** Opening Input material block **
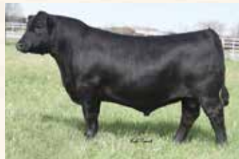
MATERNAL BROTHER MC CUMBER STEADFAST 635
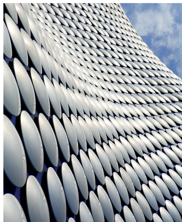
Selfridges, Birmingham, UK – protected by SteelMaster

Jotun's Green Building Solutions provide specifiers and building owners worldwide with approved systems ranging from decorative paints and architectural powder coatings to fireproofing and protective coatings that are independently tested and deemed as compliant to the most stringent green building certification standards, including LEED and BREEAM.
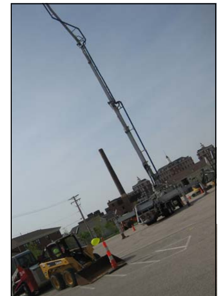
Concrete pumper donated by Concrete Strategies.
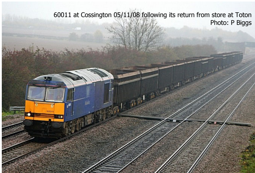
60011 at Cossington 05/11/08 following its return from store at Toton
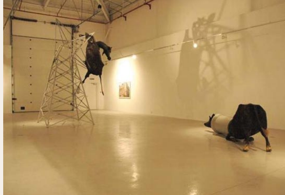
High Rise Huma Mulji
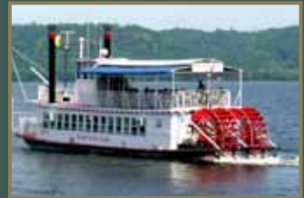
PHOTO: PEARL OF THE LAKE
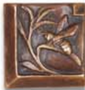
SKU 135 ~ 2x2 Rosemary Corner - Bronze/Brown
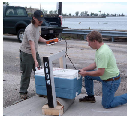
Scanning your catch
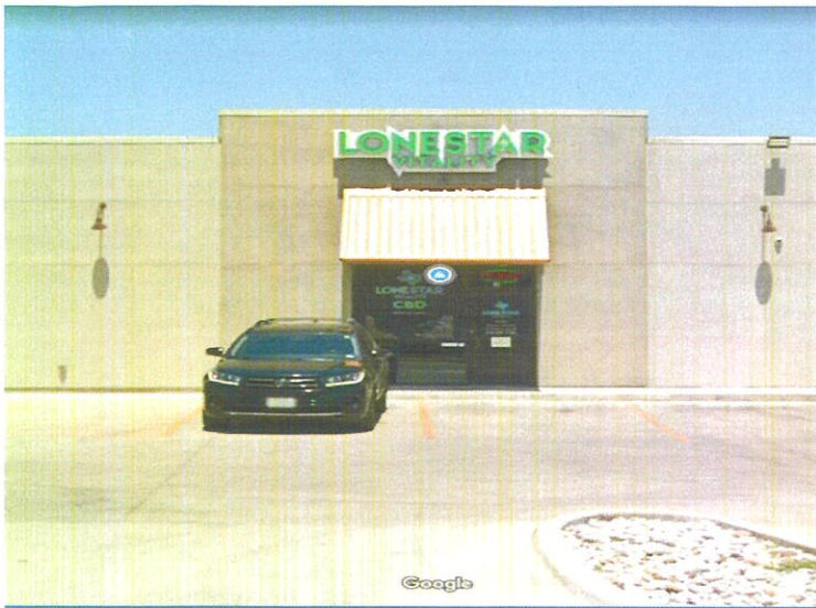
Lone Star Vitality 1101 Veterans Blvd, Suite 2 Del Rio TX 78840 29.37432 N-100.90153
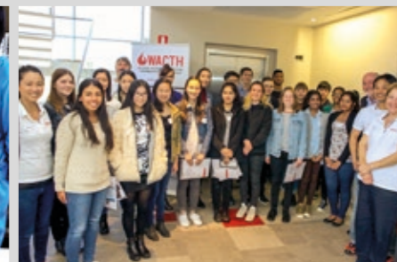
PBI team with year 12 science students at workshop

*The next ½ day workshop for Year 11 students will be during September/October school holidays.
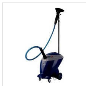
Cocoon Garment Steamer
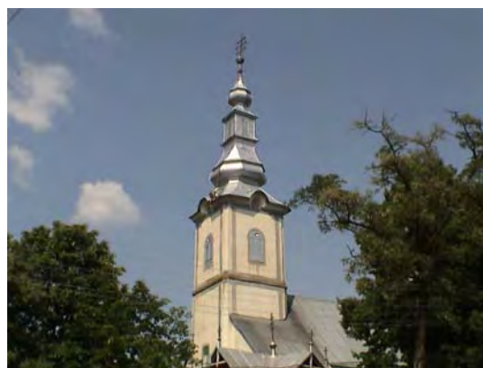
The completed job! Thank you for supporting the work of the Mission Society.
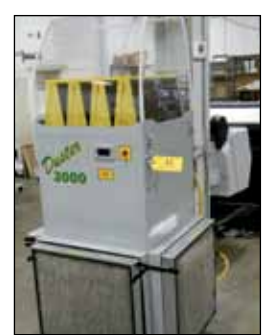
DUSTER 3000 DUST
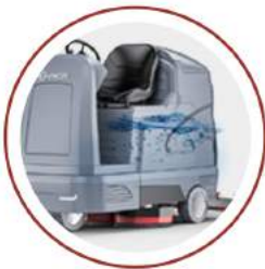
LARGE CAPACITY WATER TANK
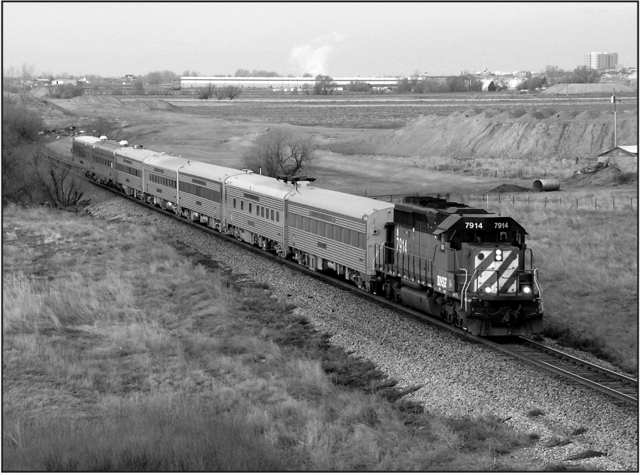
The seven car BNSF Officer Special eastbound at Tonville, Colorado.
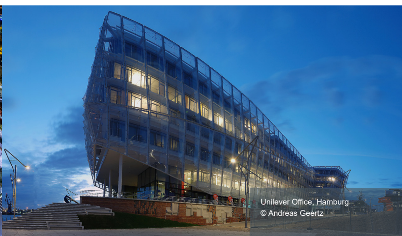
Unilever Office, Hamburg
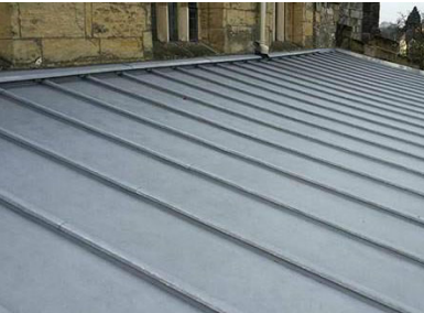
LEAD SHEET FINISH EXAMPLE
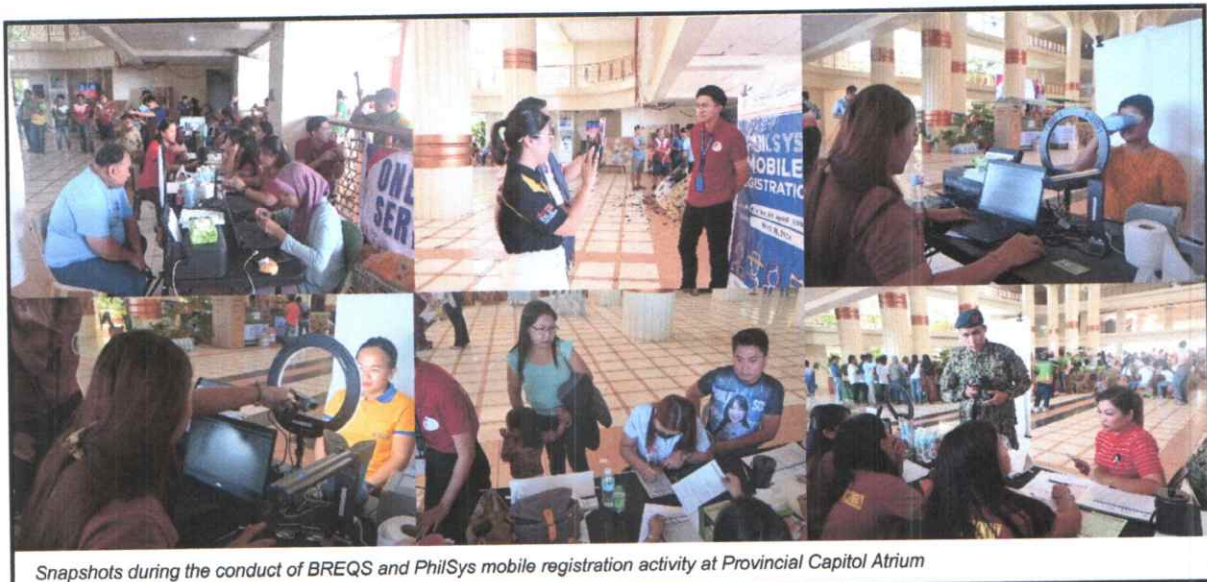
Snapshots during the conduct of BREQS and PhilSys mobile registration activity at Provincial Capitol Atrium

Date of Release: 08 May 2024 Reference No.: 24ZSP-PR20
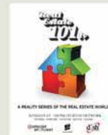
Real Estate 101
** Closing Input material block **
Exercise prompt = Transcribe exactly the lines from the one with "Lone Star Vitality" to the last line of the records, both included, so that no picture appears in the copy.

Finished task =
Lone Star Vitality 1101 Veterans Blvd, Suite 2 Del Rio TX 78840 29.37432 N-100.90153
PBI team with year 12 science students at workshop

*The next ½ day workshop for Year 11 students will be during September/October school holidays.
Cocoon Garment Steamer
The completed job! Thank you for supporting the work of the Mission Society.
DUSTER 3000 DUST
LARGE CAPACITY WATER TANK
The seven car BNSF Officer Special eastbound at Tonville, Colorado.
Unilever Office, Hamburg
LEAD SHEET FINISH EXAMPLE
Snapshots during the conduct of BREQS and PhilSys mobile registration activity at Provincial Capitol Atrium

Date of Release: 08 May 2024 Reference No.: 24ZSP-PR20
Real Estate 101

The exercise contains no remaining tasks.